I have some data that has the pattern in the picture below (but little noisier than that).

I want to run a non-linear regression that tries to capture the dynamic of this data in the time-series where there is a jump that occurs at a specific time (in the picture below t=5) and with some exponential decay of the variable Y following the jump.

I don't have much of a clue on how to specify this regression. At first I was thinking to simply do:

$ln(y) = ln(a) + b*ln(x)+ln(u)$

But what about the jump? I am interested in the inference of all three parameters simultaneously (including the jump parameter).

enter image description here

  • $\begingroup$ Could you elaborate on the motivation for fitting a regression? Are you interested in inference about the size/location of the jump? Rate of decay? All three parameters simultaneously? $\endgroup$
    – Andrew M
    Feb 24, 2015 at 6:38
  • $\begingroup$ @AndrewM good point! All three parameters simultaneously. $\endgroup$
    – CharlesM
    Feb 24, 2015 at 6:41
  • $\begingroup$ Sorry, but I want to be quite sure -- the time of the jump is unknown? $\endgroup$
    – Glen_b
    Feb 24, 2015 at 7:14
  • $\begingroup$ @Glen_b I know when the jump occur because at time=5 (in my graph below) is when there is a very important macroeconomic announcement $\endgroup$
    – CharlesM
    Feb 24, 2015 at 7:24
  • $\begingroup$ Then I only count two parameters.
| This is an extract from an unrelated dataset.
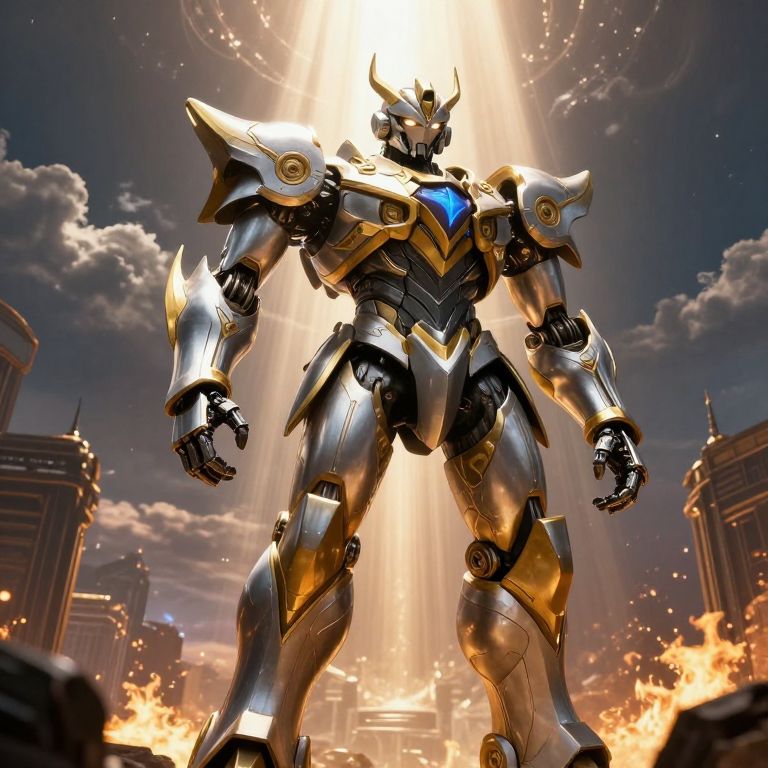 In this hyper-realistic, cinematic scene, a towering Titan mecha warrior stands majestically under a celestial light, its intricate details and baroque style design capturing the essence of fantasy and splendor. The mecha, painted in shades of silver and gold, is adorned with glowing eyes and mechanical arms, exuding an aura of power and strength. The epic setting is a city under fire, with buildings in the background and a towering structure that seems to reach towards the heavens. The lighting is dramatic, with a ray of light piercing through the clouds, casting a warm glow on the scene. The overall composition is dynamic, with the mecha positioned centrally, its form aligned with the celestial light, creating a sense of balance and harmony. The textures are photo-realistic, from the metallic sheen of the mecha to the intricate patterns on its armor, adding to the realism and depth of the image.

How are there three parameters? $\endgroup$
    – Glen_b
    Feb 24, 2015 at 9:33

1 Answer 1


Your function appears like it could be parametrized as $y = Ce^{-A(x-B)}\mathbb{I}_{[x>b]}$, where $\mathbb{I}$ is 1 if $x>B$ and 0 else. I can't see anything stopping you from just fitting a non-linear regression to your hypothesized functional form, although you will need to be careful with your choice of an optimizer, since this function is not differentiable in $B$.
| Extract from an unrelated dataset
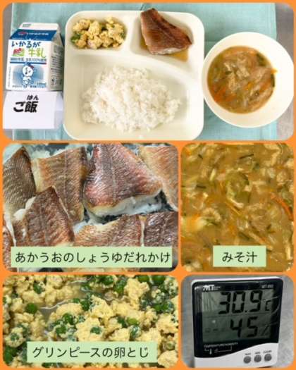 今日の献立は、あかうおのしょうゆだれかけ・みそ汁・グリンピースの卵とじ・ごはん・牛乳でした。

A cursory look at the literature$^1$ and extant software indicate that grid searches on $B$, and maximizing the remaining parameters conditional on $B$ are used, and that it can be shown that you only need to check the values $x$ that the data assume.

It's not clear to me, however, that standard asymptotic theory would apply to derive standard errors, owing to the lack of differentiability (w/r/t $B$) in the likelihood. I suppose bootstrapping could provide a way out.

$^1$ Muggeo. "Estimating regression models with unknown break-points" (2003)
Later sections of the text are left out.